Question

If $x_1, x_2$ and $x_3$ are the positive roots of the equation $x^3 - 6x^2 + 3px - 2p = 0, p \in R$ then the value of $\sin^{-1}(\frac{1}{x_1} + \frac{1}{x_2}) + \cos^{-1}(\frac{1}{x_2} + \frac{1}{x_3}) - \tan^{-1}(\frac{1}{x_3} + \frac{1}{x_1})$ is greater than or equal to

• A. $\frac{\pi}{6}$
• B. $\frac{\pi}{4}$
• C. $\frac{\pi}{3}$
• D. $\frac{\pi}{2}$

Answer 1

Answer: (B)

$\frac{\pi}{4}$

Answer 2

The given cubic equation is $x^3 - 6x^2 + 3px - 2p = 0$. Let $x_1, x_2, x_3$ be the positive roots of this equation.

From Vieta's formulas:

1. $x_1 + x_2 + x_3 = 6$
2. $x_1x_2 + x_2x_3 + x_3x_1 = 3p$
3. $x_1x_2x_3 = 2p$

Since $x_1, x_2, x_3$ are positive, $x_1x_2x_3 = 2p > 0$, thus, $p > 0$.

Now, consider the sum of the reciprocals of the roots: $\frac{1}{x_1} + \frac{1}{x_2} + \frac{1}{x_3} = \frac{x_2x_3 + x_1x_3 + x_1x_2}{x_1x_2x_3} = \frac{3p}{2p} = \frac{3}{2}$.

Let $y_1 = \frac{1}{x_1}$, $y_2 = \frac{1}{x_2}$, $y_3 = \frac{1}{x_3}$. Then $y_1, y_2, y_3$ are positive, and $y_1+y_2+y_3 = \frac{3}{2}$.

The expression to evaluate is $E = \sin^{-1}(\frac{1}{x_1} + \frac{1}{x_2}) + \cos^{-1}(\frac{1}{x_2} + \frac{1}{x_3}) - \tan^{-1}(\frac{1}{x_3} + \frac{1}{x_1})$.

Using $y_1+y_2+y_3 = \frac{3}{2}$: $E = \sin^{-1}(\frac{3}{2} - y_3) + \cos^{-1}(\frac{3}{2} - y_1) - \tan^{-1}(\frac{3}{2} - y_2)$.

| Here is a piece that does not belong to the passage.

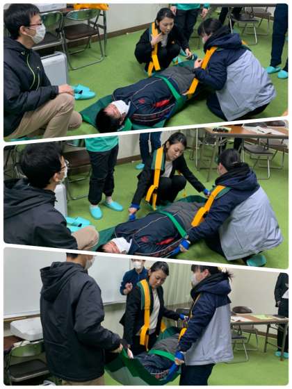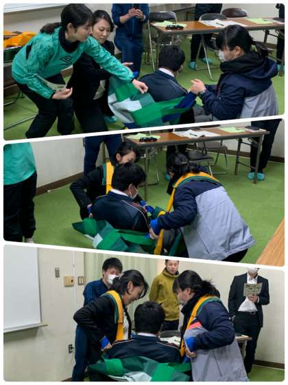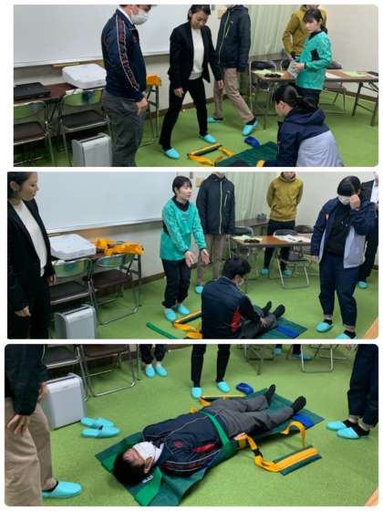 生徒介助のための救助担架フレスト(フレキシブル・ストレッチャー)の使用方法を全員で確認しました。

For the cubic equation to have three real roots, its discriminant must be non-negative. The discriminant $\Delta$ is given by: $\Delta = -108p^3 + 864p^2 - 1728p \ge 0$. This simplifies to $p(p-4)^2 \le 0$.

Since $p > 0$ and $(p-4)^2 \ge 0$, the inequality can only hold if $(p-4)^2 = 0$. This implies $p=4$.

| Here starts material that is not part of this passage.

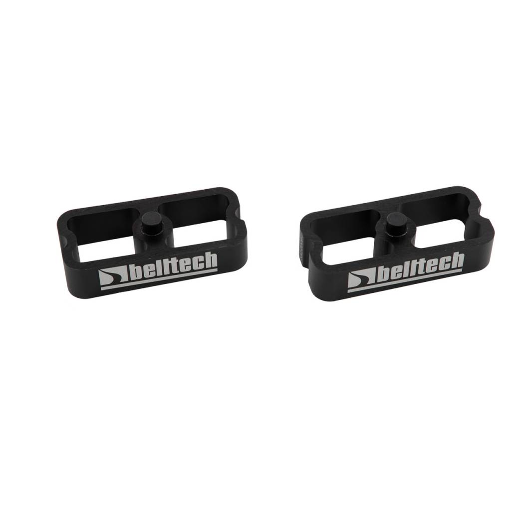 Belltech Lowering Blocks provide an inexpensive, easy to install way to lower your Mini Truck by increasing the distance between the leaf spring and the axle, effectively lowering the vehicle. Belltech lowering block kits are manufactured of high-quality extruded aluminum and come complete with blocks, U-bolts, Nyloc nuts and washers. The extruded aluminum process yields higher strength ratings when compared to cast or steel lowering blocks (or other methods of manufacturing). Lowering blocks are designed to lower the rear of your vehicle in 1,2, 3- or 4-inch increments. Also available with built in 2-degree taper for drive line angle correction.

Substitute $p=4$ into the original equation: $x^3 - 6x^2 + 12x - 8 = 0$, which simplifies to $(x-2)^3 = 0$. So, $x_1=x_2=x_3=2$.

Since $x_1=x_2=x_3=2$, we have $y_1 = y_2 = y_3 = \frac{1}{2}$.

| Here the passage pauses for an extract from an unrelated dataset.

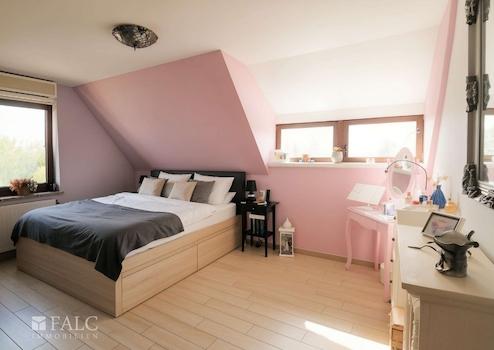 Die separat angelegte Küche liegt in kurzer Entfernung zum Essbereich, sodass gemeinsames Kochen und geselliges Beisammensein problemlos möglich sind. Über die Treppe des Eingangsbereichs erreichen Sie das Dachgeschoss: Hier befindet sich das großzügige Hauptschlafzimmer mit angeschlossenem Ankleidezimmer sowie ein weiteres Badezimmer. Ein flexibel nutzbarer Wohnraum bietet Platz für ein Arbeitszimmer oder eine gemütliche Leseecke.

Now substitute these values back into the expression for $E$: $E = \sin^{-1}(\frac{1}{2}+\frac{1}{2}) + \cos^{-1}(\frac{1}{2}+\frac{1}{2}) - \tan^{-1}(\frac{1}{2}+\frac{1}{2}) = \sin^{-1}(1) + \cos^{-1}(1) - \tan^{-1}(1) = \frac{\pi}{2} + 0 - \frac{\pi}{4} = \frac{\pi}{4}$.

Thus, the value of the expression is $\frac{\pi}{4}$.